Professor D’Ettorre, facciamo il punto su quanto si muove nella scuola ticinese. Da anni si discute di pedagogia delle competenze e il tema resta aperto; inoltre, in tempi recenti, si nota un interesse rinnovato della politica per la scuola. Credo comunque, per incominciare, che sia sempre necessario, per chi come noi e i nostri lettori non sia avvezzo al "pedagogichese", decifrare un termine chiave attorno al quale tutto ruota: “competenze”, siano esse trasversali o meno.
"Proviamoci, non sarà facilissimo. Ma è importante, perché noi oggi insegniamo per competenze. Ormai questo è il paradigma assunto in tutta la scuola dell'obbligo, e non solo, ticinese come svizzera. Che cosa significa? Che se voi prendete il piano di studi della scuola dell'obbligo (o anche di quella liceale), in realtà più che un elenco di temi o di contenuti da insegnare, troverete un elenco di competenze da acquisire, con diversi gradi di padronanza".

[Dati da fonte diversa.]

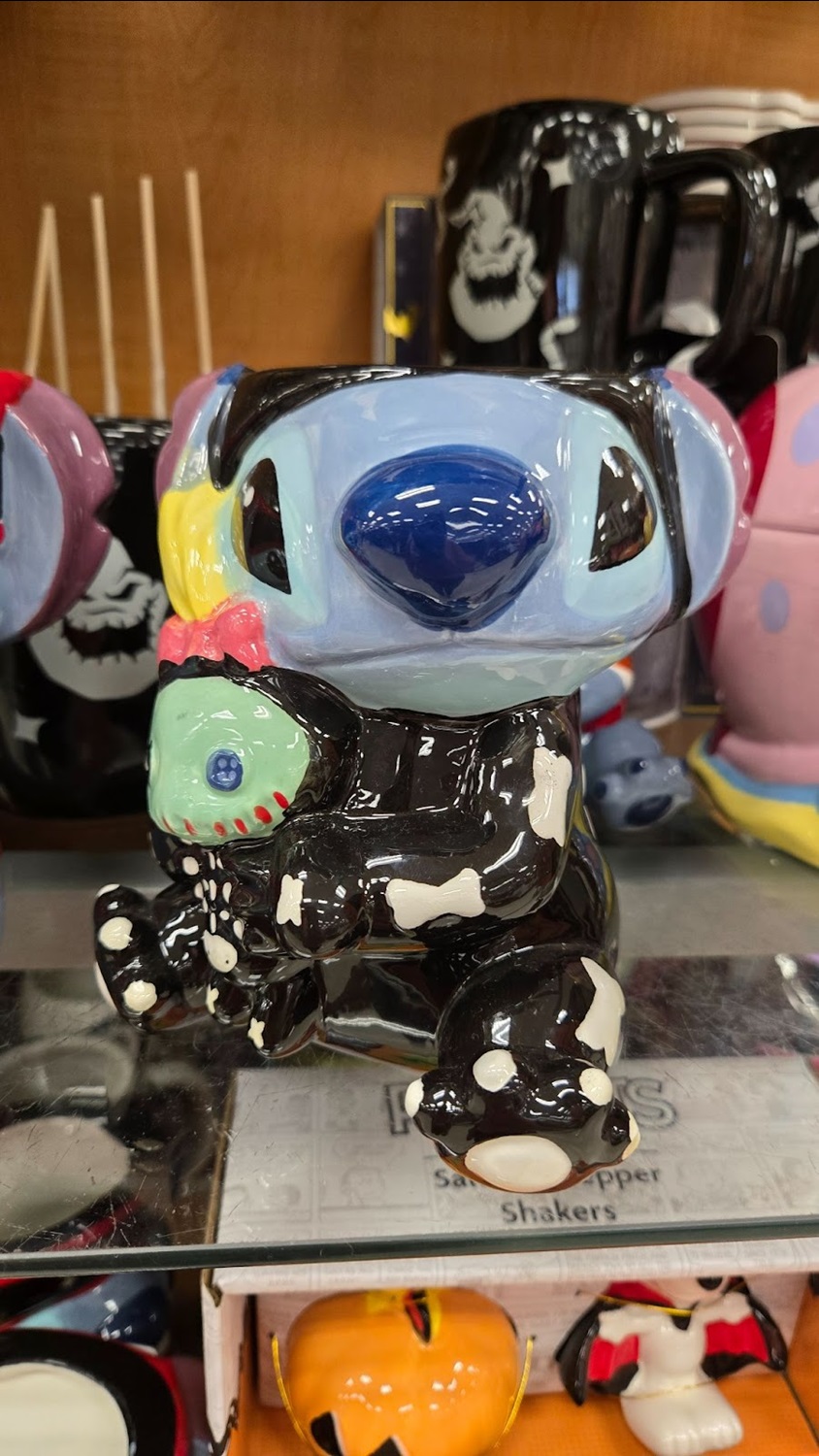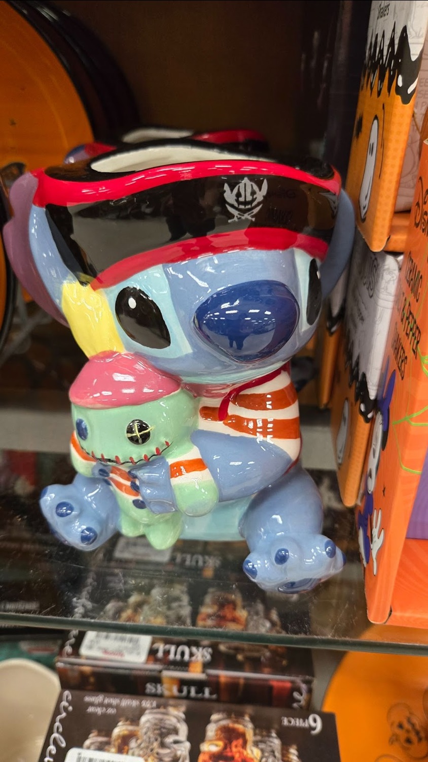 Two cute ceramic Stitch figures feature the adorable Experiment 626 as a pirate and a skeleton, holding Scrump. Both retail for $12.99.

E quali sono di preciso queste competenze?
Leggo dalla pianificazione quadriennale della formazione continua: una competenza è “la combinazione delle risorse personali di un soggetto in termini di conoscenza, di abilità, di atteggiamenti e di valori personali”. Questa dei valori è una new entry, compare nella più recente definizione diffusa dal DECS (Dipartimento cantonale per l’educazione, la cultura e lo sport).

Perché? Le definizioni sono mutevoli?
"Il DECS per legge è tenuto a emanare ogni quattro anni un documento in cui indica per ogni settore scolastico quali siano i campi nei quali vuole formare i docenti, nell’ambito della formazione continua. In Ticino il piano di studi della scuola dell'obbligo è stato appena revisionato nel 2022, dopo che ne era stato prodotto uno nuovo nel 2015".

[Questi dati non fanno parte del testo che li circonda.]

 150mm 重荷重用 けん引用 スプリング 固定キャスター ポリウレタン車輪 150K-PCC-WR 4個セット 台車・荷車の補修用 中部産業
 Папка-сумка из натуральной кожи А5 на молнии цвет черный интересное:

Quindi, se decifro correttamente il pedagogichese, voi insegnanti siete degli allenatori che devono presentare a fine anno dei giovani pronti a scendere in campo nelle più diverse circostanze della vita pronti e fare gol. Mi sembra comunque di capire che per raggiungere questo ambizioso traguardo vi sia consentito far leva anche sulla disciplina che siete abilitati a insegnare (la storia, nel suo caso), visto che la definizione di “competenza” include le “conoscenze”: quindi non mi sembra che si stiano buttando al macero quelle che chiamiamo banalmente “materie”.
"A rigor di definizioni no, ma il fatto è che come docente che deve programmare un suo percorso didattico sull'arco di un anno, mi ritrovo senza un canone culturale, che dovrebbe essere parte del cosiddetto “canone educativo”. Visto che non si ragiona più in termini di contenuti ma in termini di competenze, che l'allievo deve dar prova di aver acquisito…".

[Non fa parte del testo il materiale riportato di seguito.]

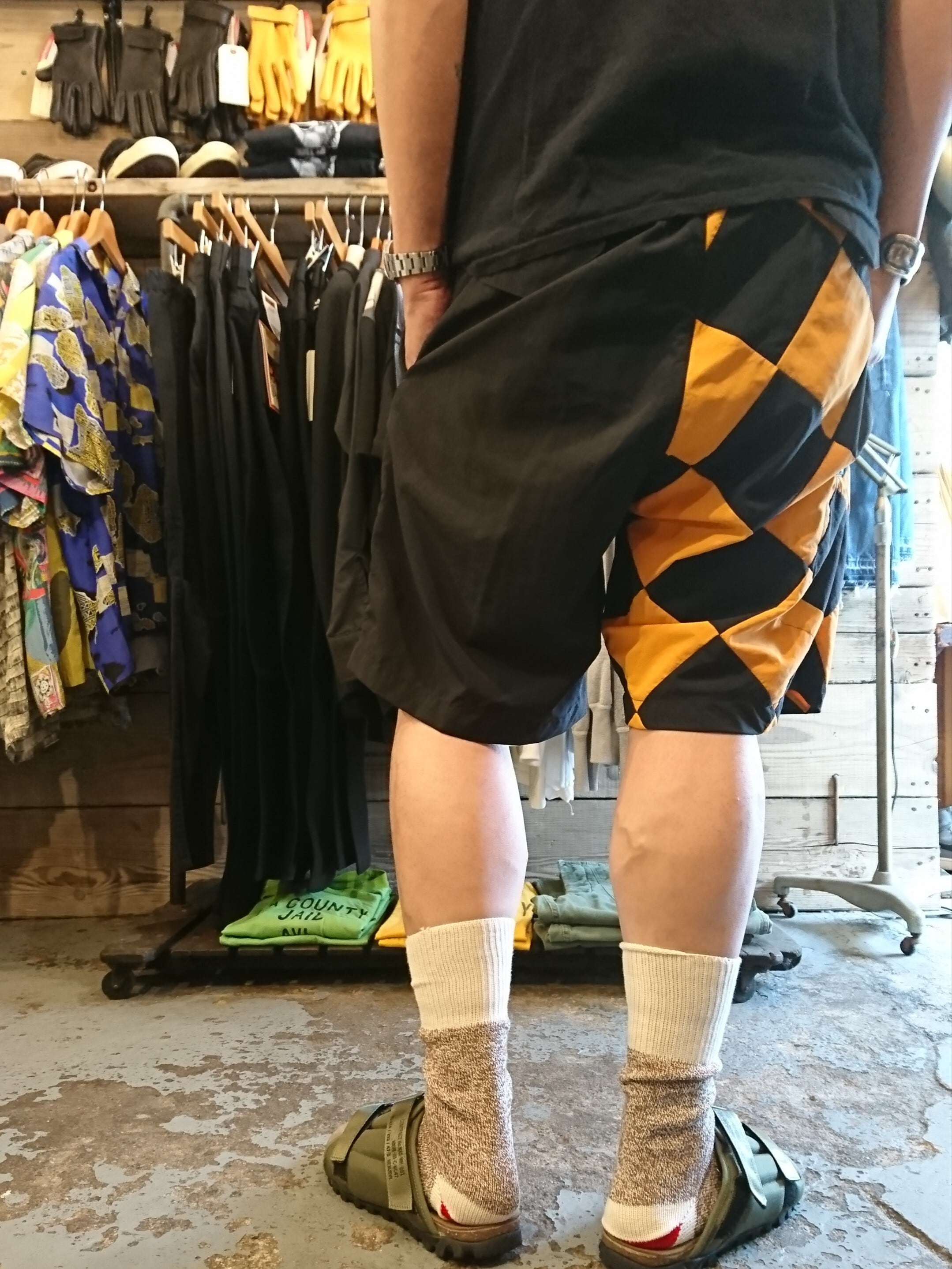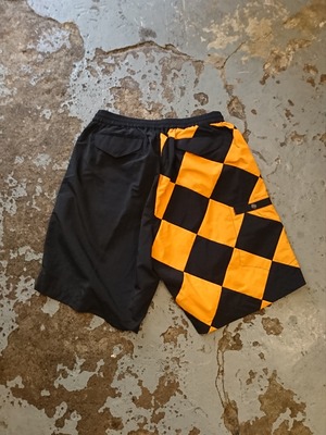 G-1 LINECREWMAN JACKETのダイヤ柄をパッチワークで表現。水陸両用での使用が可能なバイカラーショーツ。吸湿速乾性や摩耗性が高く、色褪せやシワにもなりにくいDUPONT社が開発した高機能素材SUPPLEXを使用しNEXUSⅦ.オリジナルのシールドポケットを採用したショーツです。

La interrompo: “canone educativo”, “canone culturale”? Per consentire al lettore di… toccar terra, mi permetto di citare in proposito quello che il professor Benedetto Vertecchi aveva chiarito nel corso del convegno organizzato da “Essere a Scuola” lo scorso anno a Lugano.
“Un canone educativo –spiegava Vertecchi- è costituito dalla cultura, dai valori e dagli atteggiamenti che si sono venuti costituendo attraverso il tempo”. E per l’aspetto, appunto, culturale, l’illustre pedagogista puntualizzava come “in Europa, e nei paesi che si richiamano alla tradizione culturale europea, si condivide una cultura che comprende (indico a caso alcuni nomi) Omero e Sant’Agostino, Dante e Newton, Giustiniano e Brunelleschi, Cervantes e Bach, Giotto e Rousseau”.

Mi pare lei stesse dicendo che senza un canone culturale definito e condiviso, la materia può diventare quasi un pretesto per altro.
"Infatti, questo è proprio il nodo della questione: senza un canone culturale la materia arrischia di diventare un pretesto. Per restare nel campo della mia materia, io sono capacissimo di dimostrare che riuscirei a fare acquisire ai ragazzi tutte le competenze indicate sui piani di studio, evitando di insegnare loro i contenuti centrali della storia dell'umanità. Capisce cos'è il problema? La materia è sostanzialmente una sorta di serbatoio cui attingere per trarne dei contenuti che mi servono allo scopo di far acquisire le competenze".

Ma i piani di studio cosa contengono? Prendiamo ad esempio la storia per il livello della scuola media.
"Storia? Vediamo… Ticino, scuole dell’obbligo… Sono due righe. Leggo: “L'apprendimento della storia risponde ai bisogni di crescita culturale e di soddisfazione della curiosità umana”. Arriviamo poi ai contenuti: “Conoscere nelle sue linee essenziali, la storia dell'umanità dalle origini ai giorni nostri e stabilire alcuni nessi fondamentali tra le varie epoche e le diverse civiltà. Più concretamente, comprendere gli sviluppi storici”. Segue un’indicazione della ripartizione sui quattro anni: “Nelle prima medie, dalla preistoria alla fine dell'antichità; nelle classi seconde, dalla società medievale al 500; nelle classi terze dall'età moderna alla belle époque; nelle classi quarte dalla società di massa al mondo contemporaneo”.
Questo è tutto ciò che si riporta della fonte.